Btw - I know about CodeChecker, and I’ll use the reporting tool of that, but I can’t integrate that into our build setup.

Sad. What’s the blocker for that? Folks there might be interested in fixing that.

Hi @steakhal ! Thanks for the pointers.

I was able to make clang-extdef-mapping binary take a .ast file as input with some not so nice hacks. But it seems to be very very beneficial - I tested this on llvm/lib/AsmParser/Parser.cpp (just a random pretty big file) and running clang-extdef-mapping on the cpp file took around 5.5s. While running it on the generated .ast file took just 2s.

I think even faster will be to generate the ast and the mapping file at the same time, but this would require to add this to the clang frontend with a new option.
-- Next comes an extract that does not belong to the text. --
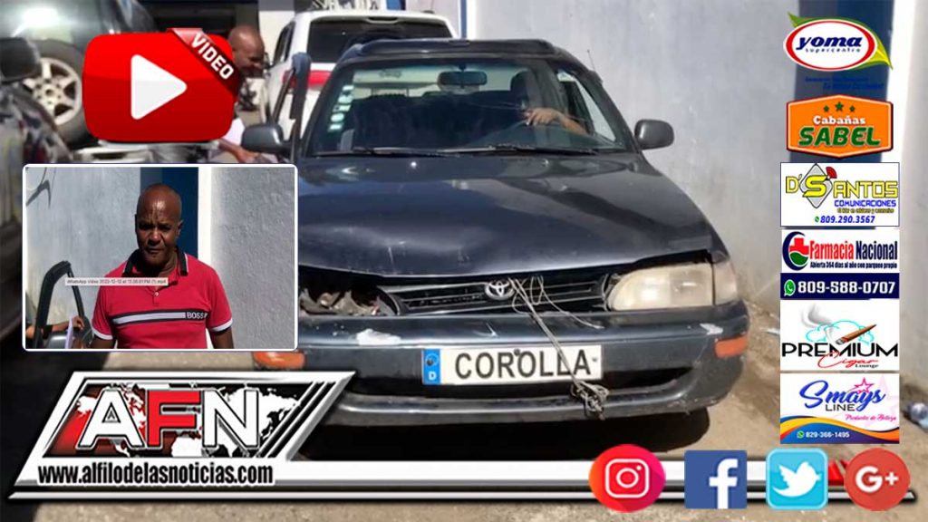 Se trata del carro marca Toyota, modelo Corolla, de color gris, años 1994, el cual se encuentra en el Comando Regional Nordeste de la Policía Nacional, el cual al ser depurado figura con una denuncia por robo interpuesta por su propietario, residente en Puerto Plata.

In any case I think the mapping generation from AST files is something we could accept in any case, since it’s pretty natural to run it on the .ast file and it’s so much faster. I will prepare a patch during the week and upload it. Is there any other reviewers I should add to that diff except you?

Regarding CodeChecker - it’s very broken on Windows, I have had to patch it locally just to be able to upload reports to a Linux server. Very many assumptions around the paths that doesn’t work on Windows.

Uploaded a diff here: :gear: D128704 [clang-extdef-mapping] Directly process .ast files (llvm.org)